Exercise aim: Copy nothing but the line with "Possible all year" and the lines that follow it to the end of the entries below, and keep the pictures out.
==== Data records ====
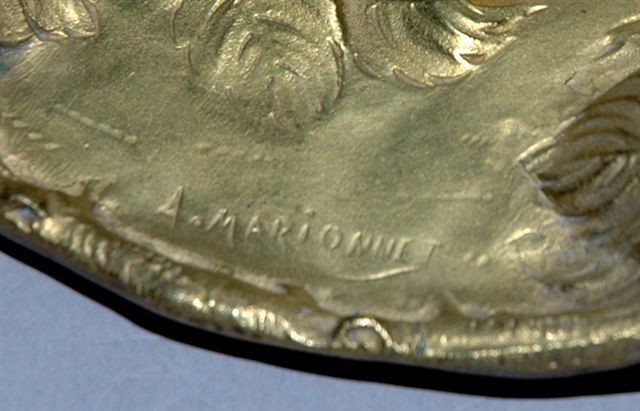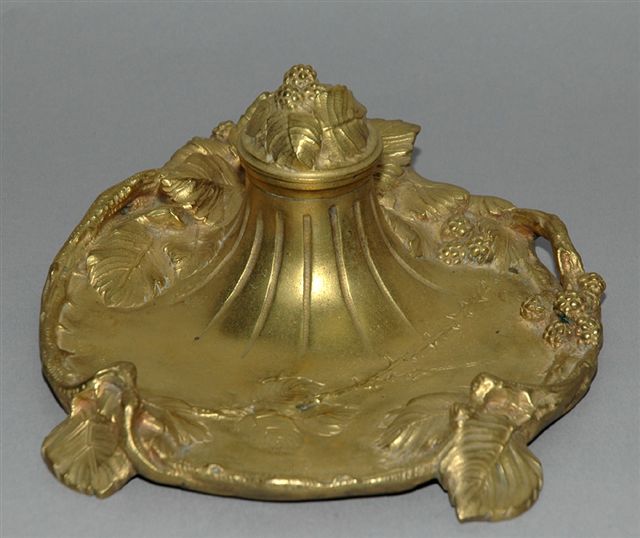 ENCRIER en BRONZE DORÉ par A. MARIONNET, le décor Art Nouveau est au mûrier, feuillage et fruits. De forme circulaire le plateau plumier présente un porte-godet pour un godet en cristal, sous couvercle charnière.
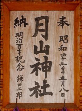 天文5丙申年月山大権現再築。慶安3庚寅年奉造営月山大権現・宝永7庚寅年再建月山大権現。文化2乙丑年建立月山大権現。万延元庚申年奉崇信神璽正一位月山月夜見尊。明治3年月山神社と公称。昭和39年現在地に再建今に至る。
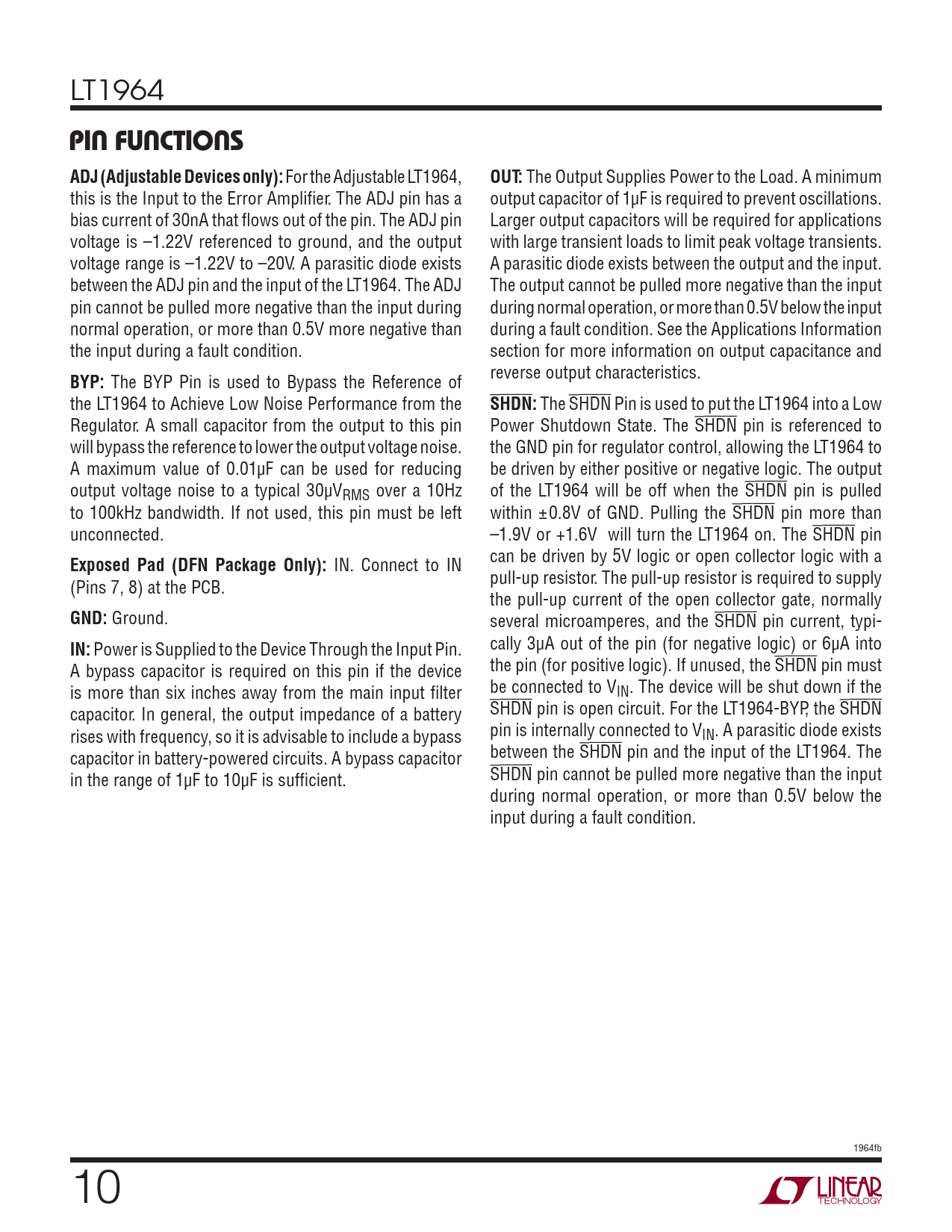 Power is Supplied to the Device Through the Input Pin. cally 3μA out of the pin (for negative logic) or 6μA into A bypass capacitor is required on this pin if the device the pin (for positive logic). If unused, the SHDN pin must is more than six inches away from the main input fi lter be connected to VIN. The device will be shut down if the capacitor. In general, the output impedance of a battery SHDN pin is open circuit. For the LT1964-BYP, the SHDN rises with frequency, so it is advisable to include a bypass pin is internally connected to VIN. A parasitic diode exists capacitor in battery-powered circuits. A bypass capacitor between the SHDN pin and the input of the LT1964. The in the range of 1μF to 10μF is suffi cient. SHDN pin cannot be pulled more negative than the input during normal operation, or more than 0.5V below the input during a fault condition. 1964fb 10
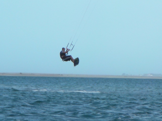 Possible all year round, larger kites for the fairer days December through January,3 out of 7 days around 15knts in the afternoons, April can go smaller with winds around 20 to 25knts. Prime time mid Aug to mid Nov on average 7 out of 10 days 20 to 30knts. Lagoon is perfect for beginners and advanced with the surf in the bay cross onshore or cross offshore.
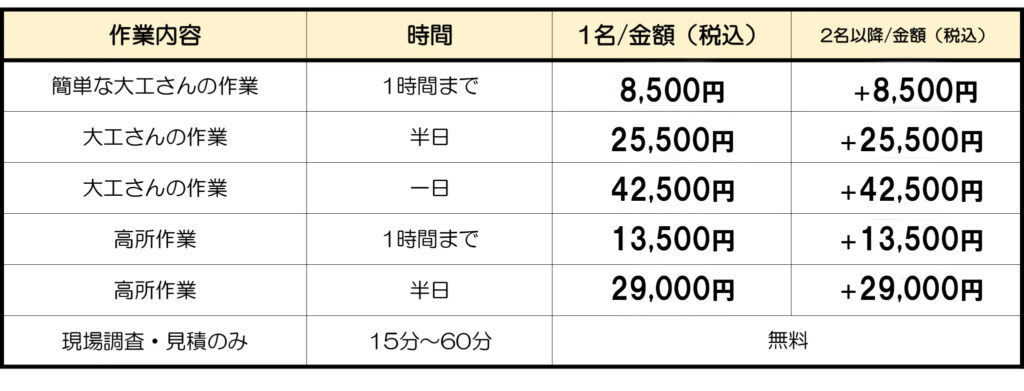 ※時間/価格はあくまで目安です。現場確認時に大枠のお時間・費用をお伝えします。(見積が必要な場合は後日送付)
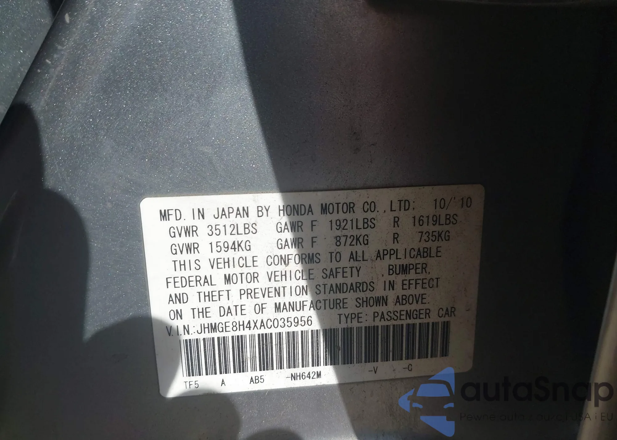 Автомобиль Honda Fit 2010 (VIN JHMGE8H4XAC035956) ранее не участвовал в торгах. Документы чистые, пробег соответствует или ниже среднего по рынку. Продаётся страховой компанией — рекомендуем покупку. Доставка в порт займет около 6–8 недель.
====
Problem solution:
 Possible all year round, larger kites for the fairer days December through January,3 out of 7 days around 15knts in the afternoons, April can go smaller with winds around 20 to 25knts. Prime time mid Aug to mid Nov on average 7 out of 10 days 20 to 30knts. Lagoon is perfect for beginners and advanced with the surf in the bay cross onshore or cross offshore.
 ※時間/価格はあくまで目安です。現場確認時に大枠のお時間・費用をお伝えします。(見積が必要な場合は後日送付)
 Автомобиль Honda Fit 2010 (VIN JHMGE8H4XAC035956) ранее не участвовал в торгах. Документы чистые, пробег соответствует или ниже среднего по рынку. Продаётся страховой компанией — рекомендуем покупку. Доставка в порт займет около 6–8 недель.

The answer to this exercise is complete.